Das vom Handgerät kommende CMOS-Signal
wird mit dem oberen XOR-Gatter
invertiert und den drei Phasenvergleichern (3 untere XOR-Gatter) zugeführt.
Bei idealer Phasengleichheit ist der Ausgangspegel ständig LOW,
ansonsten mehr oder weniger HIGH (siehe Diagramme im Schaltplan rechts unten).
Die anzeigenden Leuchtdioden sind ohne Vorwiderstände an den Ausgängen der
XOR-Gatter angeschlossen, für praktikablen Einsatz im
Handgerät.
Der CMOS-Schaltkreis 4030
ist dafür hochohmig genug.
Zur Stromversorgung dient ein kapazitiver Blindwiderstand 470 nF
(im Schaltplan 220 nF) in Verbindung mit einer nachfolgenden
Gleichrichter-, Sieb- und Stabilisierungsschaltung.
Das bisschen Schaltung passt auch bequem in das Gehäuse eines CEE-Steckers.
Berührungsschutz
Im Ansteckmoment des CEE-Steckers kann es passieren,
dass der Neutralleiter N Spannung führt.
Diese ist auf der SubD-Buchse herausgeführt,
dort mittels falscher Anschlusskabel (Stecker-Stecker) berührbar.
Deshalb der Hinweis, erst Stecker in die Steckdose,
dann Handgerät anschließen.
Beim Nachbau sollte statt N durchgehend der Schutzleiter
PE verwendet werden, sowie zur Stromversorgung
ein Potenzial trennender kleiner Transformator.
Beim Verbleib des kapazitiven Blindwiderstandes gegen Schutzerde
kann ein Fehlerstrom-Schutzschalter auslösen.
Da derartige Schutzschalter im Industriebereich unüblich sind,
kann auch diese Art der (gegenüber einem Trafo äußerst energieeffizienten)

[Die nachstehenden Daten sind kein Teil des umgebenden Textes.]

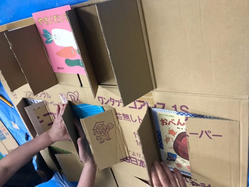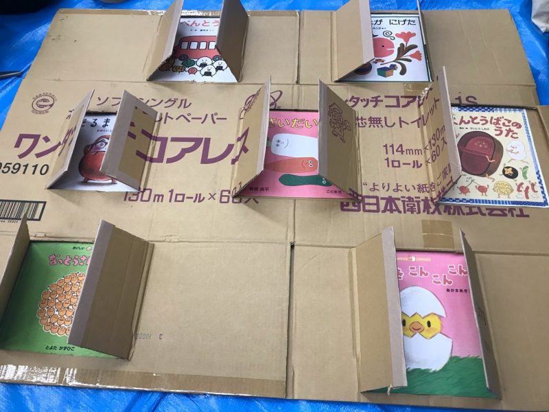 私たちのグループでは、子どもたちが大好きな絵本をカラーコピーをしてダンボールに張り付けてその上に扉をつけました
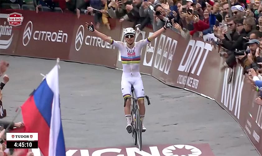 The iconic white gravel roads of Tuscany once again delivered unforgettable racing at the 2026 edition of Strade Bianche. A powerful solo attack from Tadej Pogačar decided the men’s race, while Elise Chabbey sprinted to victory after a dramatic women’s finale on the steep streets of Siena. Here are the key highlights and podium finishers from one of cycling’s most spectacular Spring Classics.

Stromversorgung bestehen bleiben
Anwendung zur Leistungsmessung
- Spannungsmesseinrichtung am Basisgerät anschließen,
bspw. direkt mit
Sicherheitsbananenkabeln
am
Yokogawa WT3000
oder via eingebauten Spannungsteilern gegen PE an
NI USB-6259.
- Basisgerät an CEE-Steckdose anschließen
- Handgerät mit benötigtem Verlängerungskabel
anschließen
- An den Zuleitungen zur (Werkzeug-)Maschine im Schaltschrank die Phasen
ausfindig machen;
die entsprechende LED verlischt, die anderen leuchten etwas heller.
- Passende Stromzange auf die Ader setzen
- Leistungsaufnahme, Verzerrungsblindleistung usw. messen und auswerten
(das Handgerät wird nicht mehr benötigt
und kann entfernt werden)
Vergleichbares
Ein ähnliches Gerät bietet die amerikanische Firma
TASCO an.
Es ersetzt den Draht durch eine Funkverbindung,
benötigt dafür 9-V-Blockbatterien.
Beide Teilgeräte werden berührungslos betrieben;
der Betrieb eines Basisteils direkt am Stromnetz ist nicht vorgesehen.

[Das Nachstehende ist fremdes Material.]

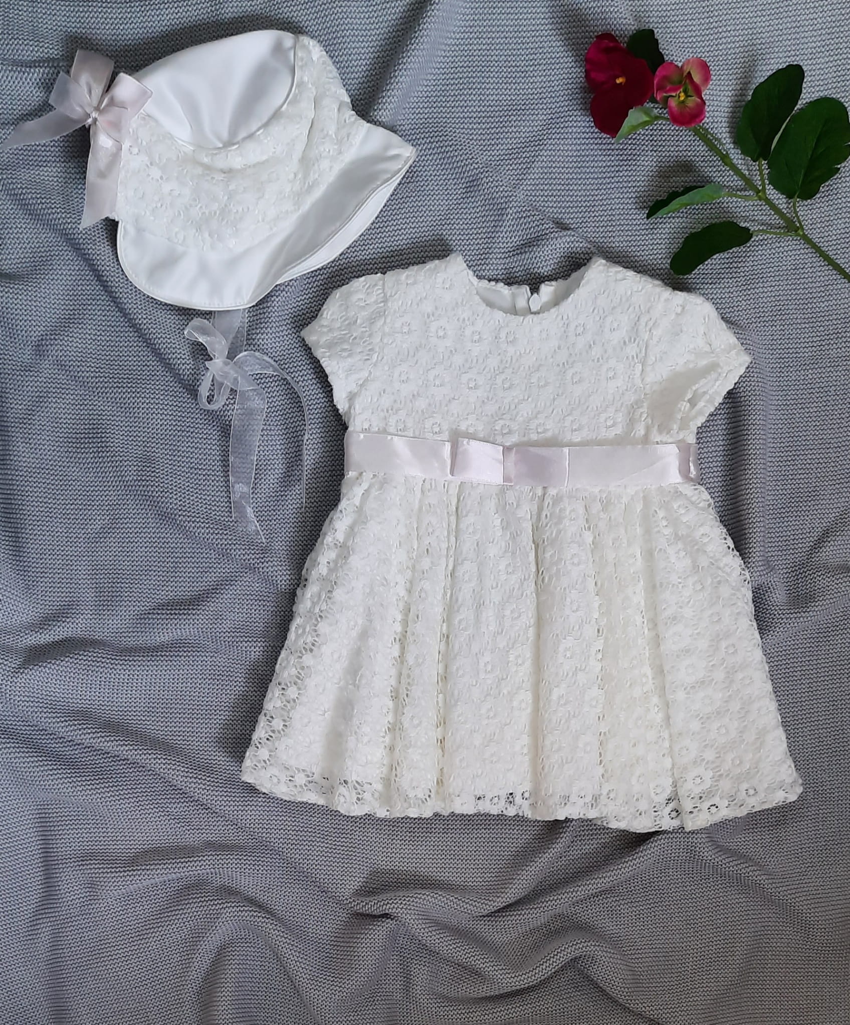 Koronkowa sukienka z krótkim rękawem plus czapka. Doskonale nadaje się na uroczystość chrzścin.

(Die galvanische Verbindung mit der Netzspannung wird für die präzise
Leistungsmessung bei uns ohnehin benötigt.)
Zusätzlich ist das Gerät in der Lage, die Drehrichtung zu erkennen
sowie die Phasenlage einige Zeit nach dem Abgriff zu merken,
so dass man mit nur einem Gerät an zwei entfernten Punkten
die Phasenlage vergleichen kann; Hauptsache, man läuft schnell genug.